Rate Limit Management: Proactive Approach

Rather than waiting for rate limit errors, you can manage your request rate proactively using a token bucket or simple delay strategy:

🐍 Code Block: Rate-Controlled Batch Processing

import anthropic
import time
from collections import deque
from datetime import datetime, timedelta

client = anthropic.Anthropic()

class RateLimitedProcessor:
    """
    Process API requests at a controlled rate to stay within limits.
    Uses a sliding window to track requests per minute.
    """

    def __init__(self, requests_per_minute: int = 50):
        self.requests_per_minute = requests_per_minute
        self.request_times = deque()
        self.min_interval = 60.0 / requests_per_minute

    def _wait_if_needed(self):
        """Wait if we are approaching the rate limit."""
        now = datetime.now()
        cutoff = now - timedelta(minutes=1)

        # Remove requests older than 1 minute
        while self.request_times and self.request_times[0] < cutoff:
            self.request_times.popleft()

        # If at limit, wait until oldest request falls outside window
        if len(self.request_times) >= self.requests_per_minute:
            oldest = self.request_times[0]
            wait_until = oldest + timedelta(minutes=1)
            wait_seconds = (wait_until - now).total_seconds()
            if wait_seconds > 0:
                print(f"Rate limiting: waiting {wait_seconds:.1f}s")
                time.sleep(wait_seconds)

    def process(self, prompt: str, system: str = "", model: str = "claude-haiku-4-5-20251001") -> str:
        """Make an API call with rate limiting."""
        self._wait_if_needed()
        self.request_times.append(datetime.now())
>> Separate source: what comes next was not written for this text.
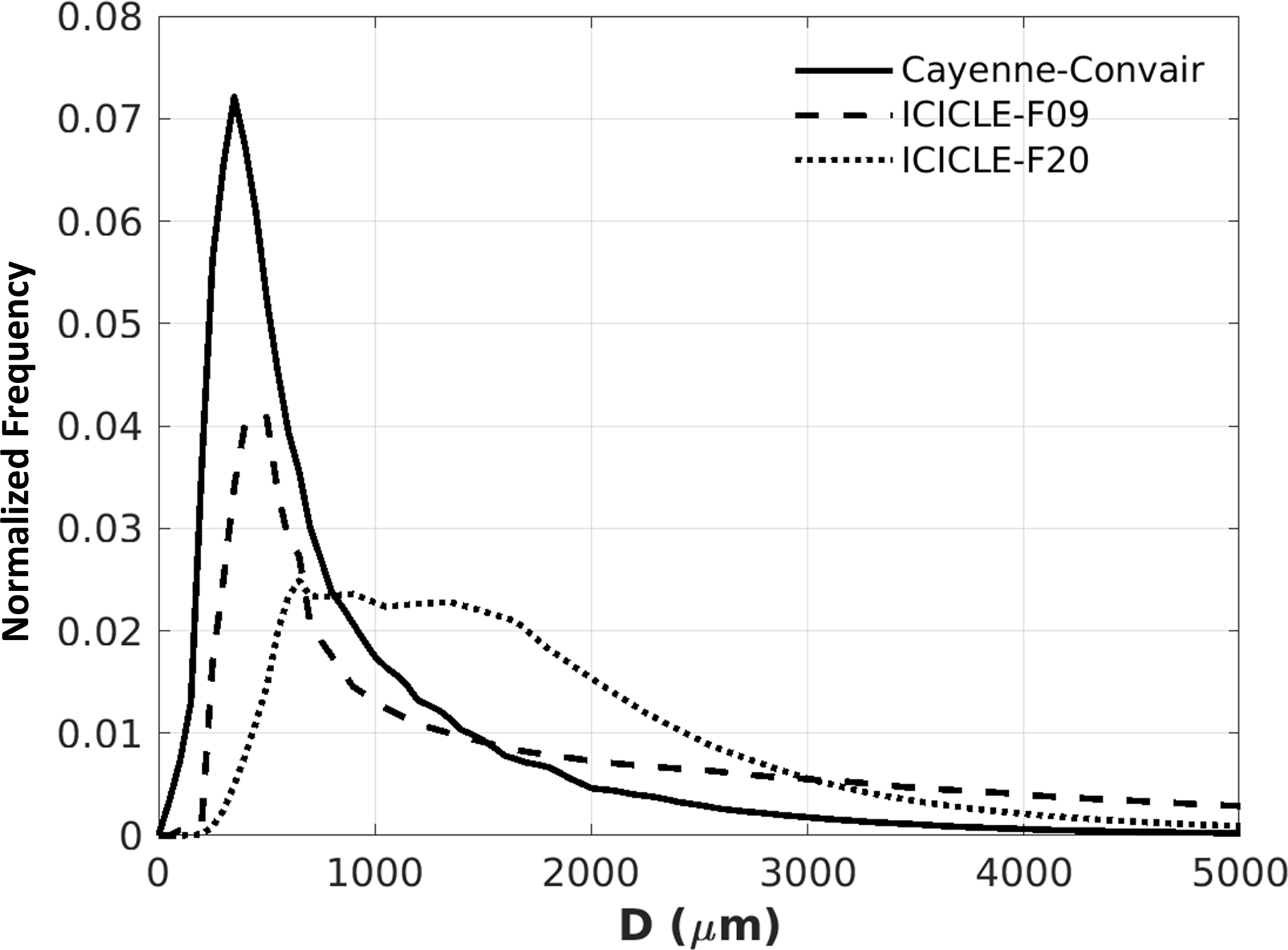 - Ice particle size distribution for tropical and mid-latitude winter cases

        response = client.messages.create(
            model=model,
            max_tokens=512,
            system=system,
            messages=[{"role": "user", "content": prompt}]
        )
        return response.content[0].text


# Usage
processor = RateLimitedProcessor(requests_per_minute=40)

items = [f"Summarize point {i}: AI APIs enable scalable automation" for i in range(1, 6)]
results = []

for i, item in enumerate(items, 1):
    result = processor.process(item)
    results.append(result)
    print(f"Processed {i}/{len(items)}")

print(f"\nAll {len(results)} items processed.")
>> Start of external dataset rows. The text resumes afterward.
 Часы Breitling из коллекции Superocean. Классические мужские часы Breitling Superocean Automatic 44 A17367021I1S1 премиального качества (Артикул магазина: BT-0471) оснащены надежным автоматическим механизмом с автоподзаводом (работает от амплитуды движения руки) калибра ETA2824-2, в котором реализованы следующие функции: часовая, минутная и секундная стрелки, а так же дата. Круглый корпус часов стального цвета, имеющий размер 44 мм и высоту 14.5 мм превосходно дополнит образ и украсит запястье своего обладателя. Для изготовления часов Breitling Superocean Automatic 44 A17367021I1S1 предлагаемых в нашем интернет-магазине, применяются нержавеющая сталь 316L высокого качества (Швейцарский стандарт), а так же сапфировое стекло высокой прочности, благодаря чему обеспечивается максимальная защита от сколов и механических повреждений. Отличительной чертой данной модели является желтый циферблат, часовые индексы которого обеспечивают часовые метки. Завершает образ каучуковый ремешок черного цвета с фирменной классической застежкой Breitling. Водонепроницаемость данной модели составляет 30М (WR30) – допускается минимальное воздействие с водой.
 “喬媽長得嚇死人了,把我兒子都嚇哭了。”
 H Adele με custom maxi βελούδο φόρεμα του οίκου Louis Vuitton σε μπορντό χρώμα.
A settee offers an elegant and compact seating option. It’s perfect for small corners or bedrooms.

Token Counting and Cost Management

Tokens are the currency of API use. Understanding how to count, estimate, and manage token usage keeps costs predictable and prevents surprises.

🐍 Code Block: Token Estimation and Cost Calculation

import anthropic

client = anthropic.Anthropic()

# Anthropic pricing (verify current prices at anthropic.com/pricing)
PRICING = {
    "claude-opus-4-6": {
        "input_per_million": 15.00,
        "output_per_million": 75.00
    },
    "claude-haiku-4-5-20251001": {
        "input_per_million": 0.25,
        "output_per_million": 1.25
    }
}

def estimate_cost(
    input_tokens: int,
    output_tokens: int,
    model: str = "claude-opus-4-6"
) -> dict:
    """Calculate estimated cost for an API call."""
    if model not in PRICING:
        return {"error": f"Unknown model: {model}"}

    prices = PRICING[model]
    input_cost = (input_tokens / 1_000_000) * prices["input_per_million"]
    output_cost = (output_tokens / 1_000_000) * prices["output_per_million"]
    total_cost = input_cost + output_cost

    return {
        "model": model,
        "input_tokens": input_tokens,
        "output_tokens": output_tokens,
        "input_cost_usd": round(input_cost, 6),
        "output_cost_usd": round(output_cost, 6),
        "total_cost_usd": round(total_cost, 6)
    }


class CostTracker:
    """Track cumulative API costs across multiple calls."""

    def __init__(self):
        self.total_input_tokens = 0
        self.total_output_tokens = 0
        self.call_count = 0
        self.model_usage = {}

    def record(self, response: anthropic.types.Message, model: str):
        """Record usage from an API response."""
        self.total_input_tokens += response.usage.input_tokens
        self.total_output_tokens += response.usage.output_tokens
        self.call_count += 1

        if model not in self.model_usage:
            self.model_usage[model] = {"input": 0, "output": 0, "calls": 0}
        self.model_usage[model]["input"] += response.usage.input_tokens
        self.model_usage[model]["output"] += response.usage.output_tokens
        self.model_usage[model]["calls"] += 1

    def report(self) -> dict:
        """Generate a cost report."""
        total_cost = 0.0
        model_costs = {}

        for model, usage in self.model_usage.items():
            cost_info = estimate_cost(usage["input"], usage["output"], model)
            if "error" not in cost_info:
                model_costs[model] = cost_info
                total_cost += cost_info["total_cost_usd"]

        return {
            "total_calls": self.call_count,
            "total_input_tokens": self.total_input_tokens,
            "total_output_tokens": self.total_output_tokens,
            "total_tokens": self.total_input_tokens + self.total_output_tokens,
            "estimated_total_cost_usd": round(total_cost, 4),
            "by_model": model_costs
        }


# Example usage
tracker = CostTracker()

prompts = [
    "Explain Python list comprehensions in one paragraph.",
    "What is the difference between a set and a list in Python?",
    "When would you use a dictionary over a list?"
]

for prompt in prompts:
    response = client.messages.create(
        model="claude-haiku-4-5-20251001",
        max_tokens=256,
        messages=[{"role": "user", "content": prompt}]
    )
    tracker.record(response, "claude-haiku-4-5-20251001")
    print(f"Response: {response.content[0].text[:100]}...")

report = tracker.report()
print("\n=== Cost Report ===")
print(f"Total calls: {report['total_calls']}")
print(f"Total tokens: {report['total_tokens']:,}")
print(f"Estimated cost: ${report['estimated_total_cost_usd']:.4f}")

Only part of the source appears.